Approaching the hold short line for (actual) retirement, increase bond ratios to try to protect the nest egg for the first few years of retirement. This can help calibrate your expectations of retirement income when it’s not just some ethereal concept that’s 20+ years away.
Once safely at cruise altitude a few years into retirement, start to dial back the bond percentage to run up the score board on your available spending and legacy. Many retirees reduce spending as their activity level decreases in later retirement years unless large health care costs like nursing home or memory care come into play. After you’re a few years into retirement, you’ll also know what your real consumption habits are.
Factoring a military pension into portfolio construction and stock/bond ratios requires clear-eyed assumptions before you pull the trigger.
Will future pension COLAs shrink? Could you separate early? Could you be forced out / RIF’d?
If any of these happen, hopefully it’s early enough in your investing career to allow you to recalibrate your investment strategy if needed.
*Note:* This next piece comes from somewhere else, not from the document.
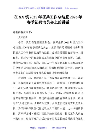 / 在XX镇2025年征兵工作总结暨2026年春季征兵动员会上的讲话

Other considerations you need to factor in could be:
Survivor Benefit Plan. If your retirement assumptions include a full 50% of a 20-year base salary, but you pass early, will 55% of 50% be enough for your spouse? It’s a huge swing in the numbers and may not be enough guaranteed income for a surviving spouse. VA Disability Compensation also disappears when you die.
Consumption. Not the 19th century name for tuberculosis… What will your spending be like? Are you susceptible to the occasional bout of budget-mauling YOLO? You’ll need to really know what your family’s spending is like pre-retirement to account for it properly in retirement.
Health. If you or your spouse won’t have a lot of “go-go” years in retirement where you’re healthy enough to enjoy your money, you might need to conduct your planning as though spending will occur later in retirement and for less entertaining healthcare costs.
Legacy Goals. If you plan to leave a legacy, you might keep an “accumulation mindset” in your retirement years. This certainly would bear on your stock/bond allocation. If you want the check to the undertaker to bounce and have your kids make their own way, you can plan to spend more regardless of your stock/bond ratio.
Cleared to Rejoin
Bonds are generally not the sleek and sexy part of an investment portfolio, but ignore their effect on your investments at your peril. A military pension creates a great opportunity to rethink bonds, but like all financial planning topics, there’s a lot of dimensions to consider. If you haven’t done the math to determine how your pension will act like a bond portfolio, it’s time to get out the abacus or call your financial planner today.